TASK INPUT:
———

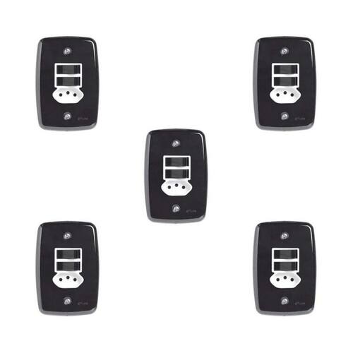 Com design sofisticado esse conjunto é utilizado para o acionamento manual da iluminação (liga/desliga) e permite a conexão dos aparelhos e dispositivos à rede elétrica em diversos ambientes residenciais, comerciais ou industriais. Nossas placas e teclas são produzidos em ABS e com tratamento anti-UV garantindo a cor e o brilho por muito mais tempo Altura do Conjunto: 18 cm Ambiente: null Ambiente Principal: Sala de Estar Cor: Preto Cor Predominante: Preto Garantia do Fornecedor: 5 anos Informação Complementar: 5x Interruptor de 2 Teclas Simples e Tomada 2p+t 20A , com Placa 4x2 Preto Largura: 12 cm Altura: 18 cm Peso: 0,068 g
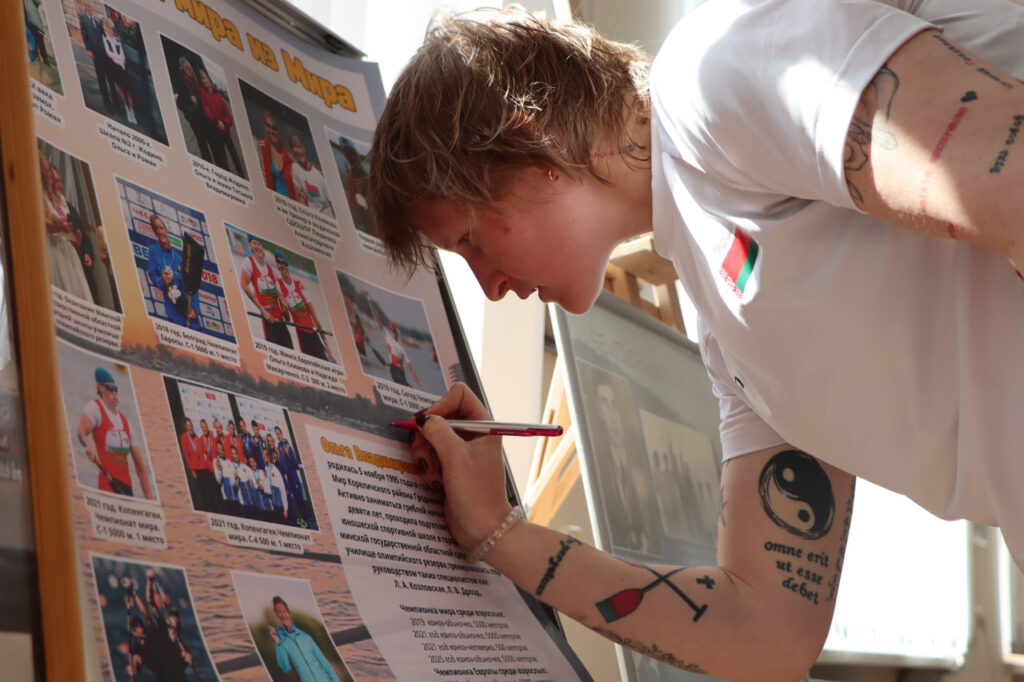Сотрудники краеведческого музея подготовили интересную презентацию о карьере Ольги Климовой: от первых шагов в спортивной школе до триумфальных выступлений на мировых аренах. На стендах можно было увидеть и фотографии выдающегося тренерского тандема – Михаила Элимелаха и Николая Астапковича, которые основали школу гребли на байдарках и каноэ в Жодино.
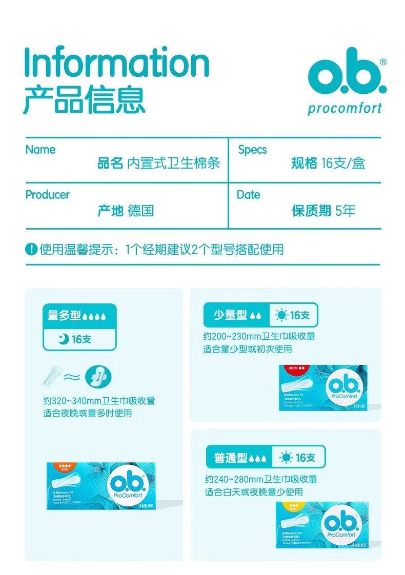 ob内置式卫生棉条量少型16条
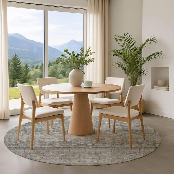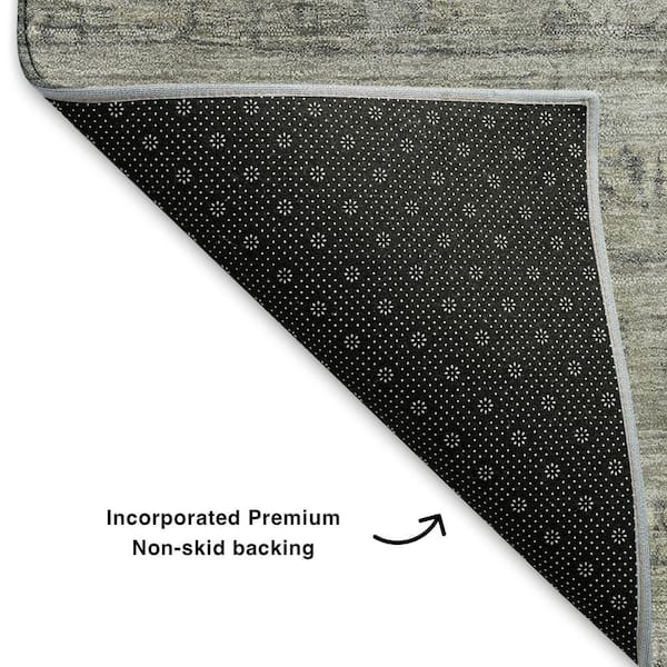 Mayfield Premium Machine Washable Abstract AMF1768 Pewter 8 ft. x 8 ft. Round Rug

———

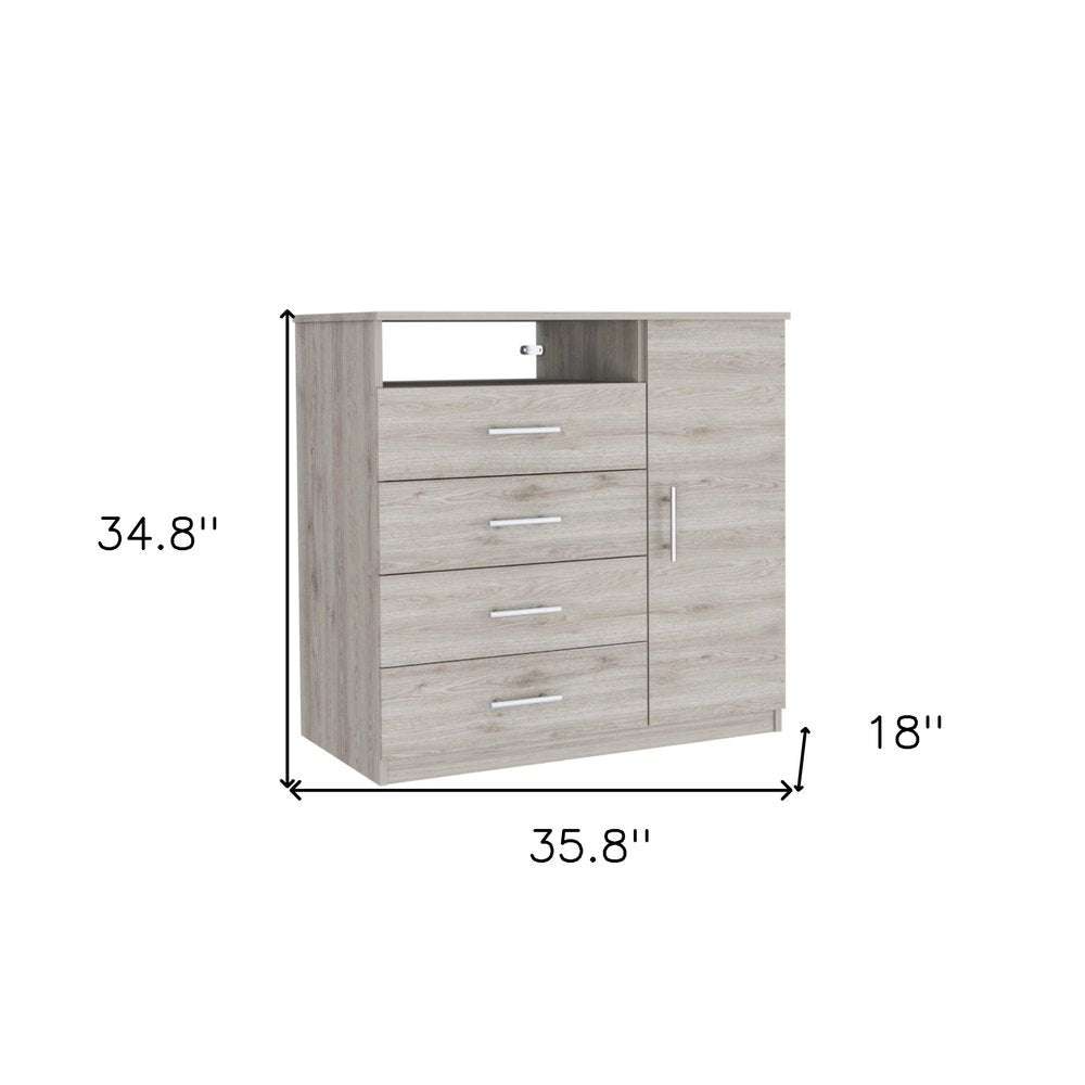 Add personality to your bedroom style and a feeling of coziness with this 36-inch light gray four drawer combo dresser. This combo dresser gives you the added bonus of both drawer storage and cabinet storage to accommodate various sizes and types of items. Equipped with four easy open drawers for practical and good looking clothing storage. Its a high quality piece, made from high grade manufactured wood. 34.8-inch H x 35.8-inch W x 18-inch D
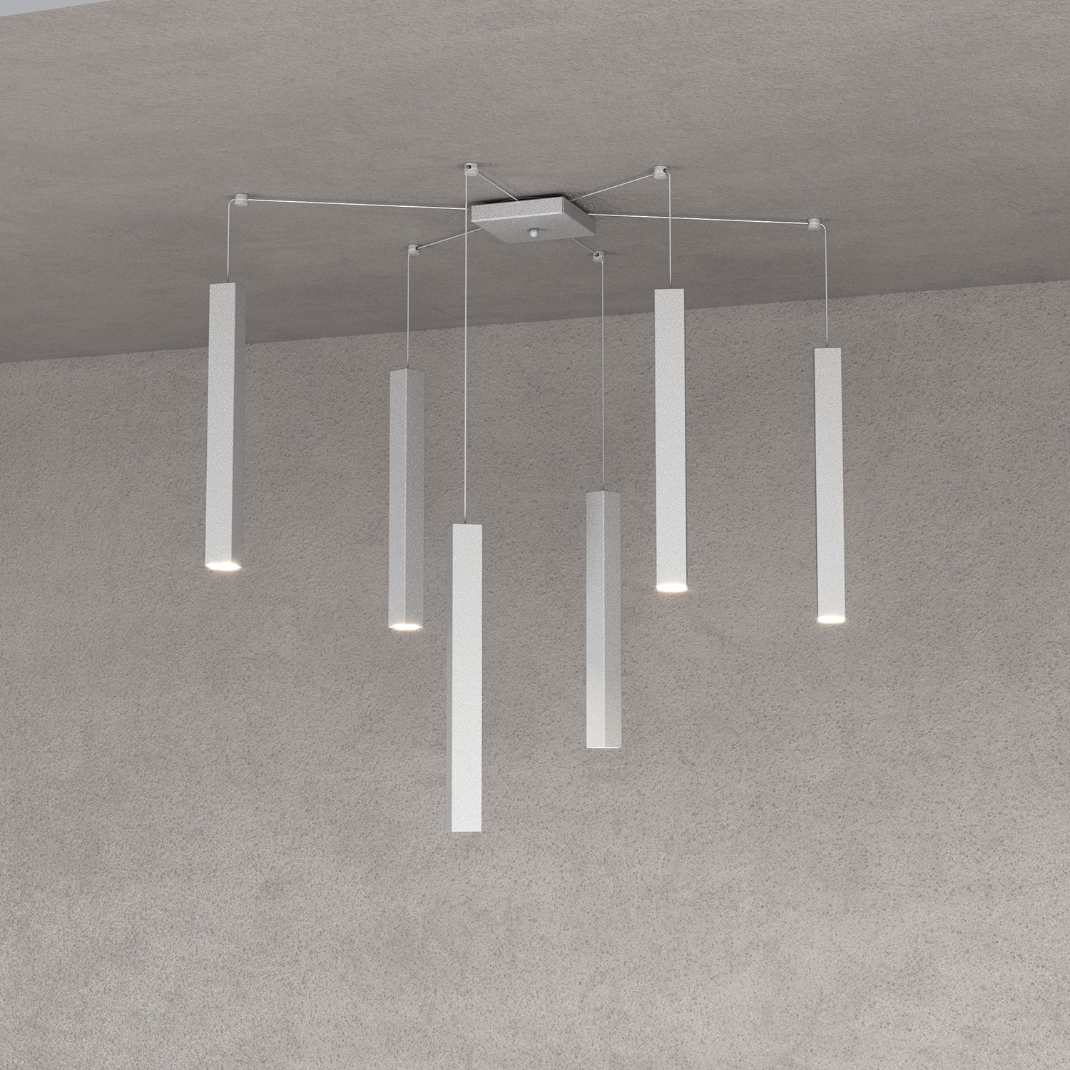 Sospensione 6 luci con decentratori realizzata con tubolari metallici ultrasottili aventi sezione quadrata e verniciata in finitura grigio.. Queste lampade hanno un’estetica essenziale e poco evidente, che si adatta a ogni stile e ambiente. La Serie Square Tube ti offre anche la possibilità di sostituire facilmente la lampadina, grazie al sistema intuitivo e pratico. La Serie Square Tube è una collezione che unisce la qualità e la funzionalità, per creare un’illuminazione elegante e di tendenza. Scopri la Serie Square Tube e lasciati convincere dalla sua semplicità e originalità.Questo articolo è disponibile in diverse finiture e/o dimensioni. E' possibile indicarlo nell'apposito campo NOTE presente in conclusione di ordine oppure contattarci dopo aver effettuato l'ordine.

———

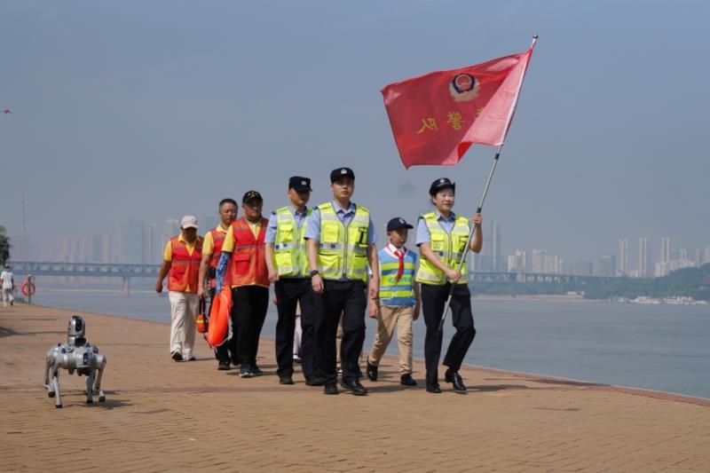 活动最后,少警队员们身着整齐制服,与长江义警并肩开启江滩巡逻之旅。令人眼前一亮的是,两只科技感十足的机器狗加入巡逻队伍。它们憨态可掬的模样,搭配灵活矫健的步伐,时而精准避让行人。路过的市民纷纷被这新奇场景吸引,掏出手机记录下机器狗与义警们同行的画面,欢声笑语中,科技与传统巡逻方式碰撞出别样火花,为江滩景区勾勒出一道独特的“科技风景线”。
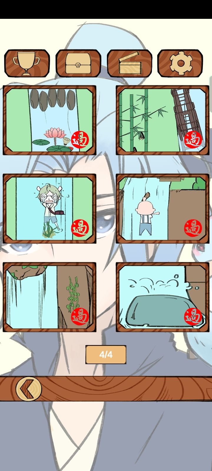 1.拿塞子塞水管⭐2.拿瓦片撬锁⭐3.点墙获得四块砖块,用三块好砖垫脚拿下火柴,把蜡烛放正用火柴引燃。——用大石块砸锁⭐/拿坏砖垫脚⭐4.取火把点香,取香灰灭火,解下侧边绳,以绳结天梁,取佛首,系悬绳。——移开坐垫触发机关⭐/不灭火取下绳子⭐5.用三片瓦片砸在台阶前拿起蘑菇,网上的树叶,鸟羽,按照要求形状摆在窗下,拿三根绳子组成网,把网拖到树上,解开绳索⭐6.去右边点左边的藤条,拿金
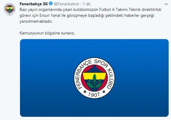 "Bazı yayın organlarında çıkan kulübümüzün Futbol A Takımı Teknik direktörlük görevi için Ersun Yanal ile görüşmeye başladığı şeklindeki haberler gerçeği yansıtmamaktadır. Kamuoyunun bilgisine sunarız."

———

Would you transcribe the lines above exactly, going from the line bearing "ob内置式卫生棉条量少型16条" through the line bearing "Mayfield Premium Machine", and drop the pictures from the copy?

 ob内置式卫生棉条量少型16条
 Mayfield Premium Machine Washable Abstract AMF1768 Pewter 8 ft. x 8 ft. Round Rug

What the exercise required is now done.